Kansas State League debut
- 1905, for the Minneapolis Minnies

Last Central Kansas League appearance
- 1911, for the Concordia Travelers

Career statistics
- Batting average: .254
- Stolen bases: 210

Teams
- Playing career Minneapolis Minnies (1905); Austin Senators (1906–1908); Houston Buffaloes/Waco Navigators (1909); Concordia Travelers (1910–1911); Managerial career Concordia Travelers (1910–1911);

Career highlights and awards
- League leader stolen bases, 1907; League championships 1906, 1907, 1910, 1911;

= Harry Short (baseball) =

American baseball player and manager

Harry H. Short (April 16, 1878 in Plymouth, Indiana – November 20, 1954 in Garden City, Kansas) was an American minor league baseball player and manager. He played on two Texas League championship Austin Senators teams (in 1906 and 1907), and led the league in stolen bases in 1907 with 78.

==Playing career==
Short grew up in Concordia, Kansas; his younger brother was Clyde Short who would go on to become Chairman of the Kansas Democratic Party.

Harry Short attended Kansas State Normal College and played shortstop on the college team. After subsequently playing on semi-professional teams in Concordia, where he became known for his strong fielding and speed, he entered minor league baseball in 1904 with a team in New Bern, North Carolina. In 1905 he played for the Minneapolis Minnies of the Kansas State League. In 1906, he was recruited by, and played third base (and other positions) for, the Austin Senators, who were part of the South Texas League that year.

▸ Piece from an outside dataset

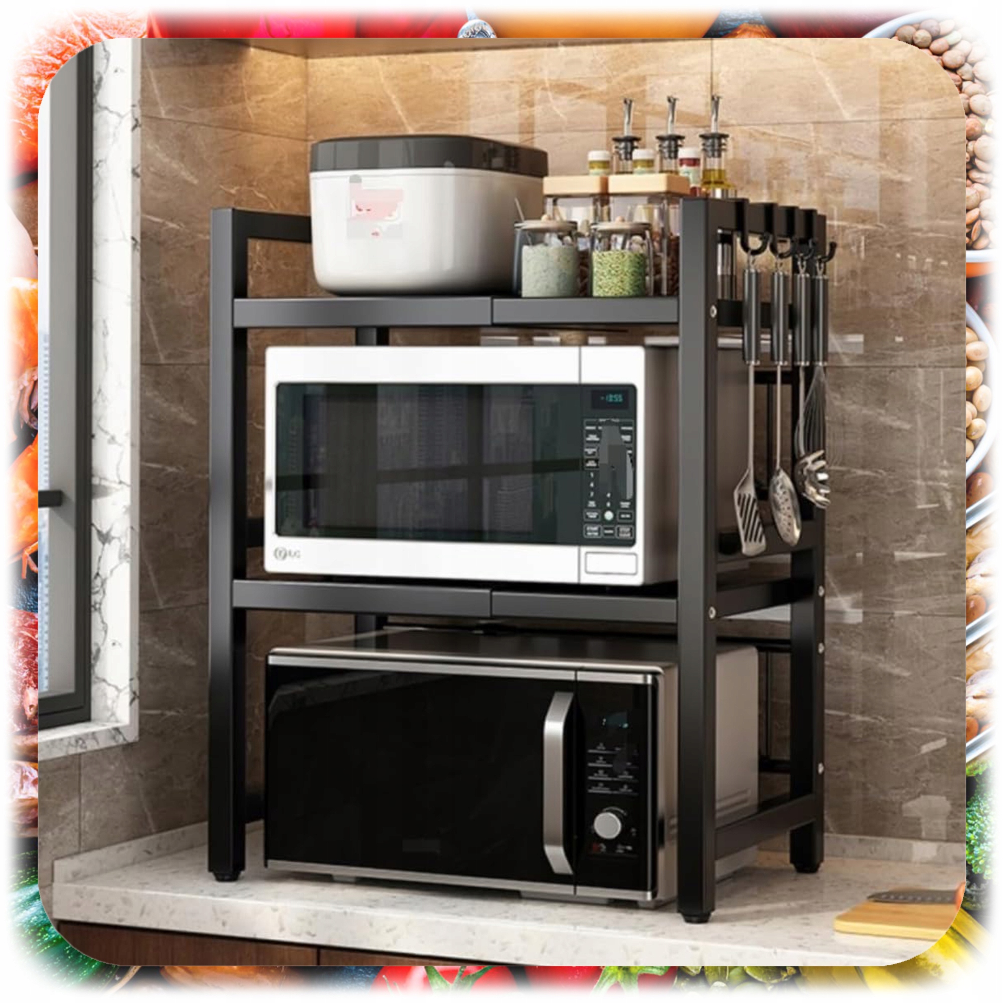 Вы ищете умный способ организовать кухонный стойкий счетчик? Эта 2-уровневая полка для микроволновой печи поможет вам контролировать хаос и восстановить рабочее пространство без необходимости установить дополнительные шкафы. Стабильный, металлический дизайн, регулируемая ширина и современный внешний вид делают его идеально подходящим для каждой кухни - как современной, так и классической.

The 1906 Senators won their league championship by default when the Houston Buffaloes refused to stop using non-league players. He remained with the Senators in 1907, a year in which he led the league in stolen bases with 78 and won another league championship.

During 1907, the Senators would post one of the most lopsided victories in baseball history, by defeating the San Antonio Bronchos in the second game of a doubleheader 44–0. During this game, Short scored seven runs on five hits, stole four bases and hit a double and a triple. He was referred to in articles as "one of the fastest baserunners and best base-stealers in Texas", and was also a fan-favorite that year to take over managing the Senators team.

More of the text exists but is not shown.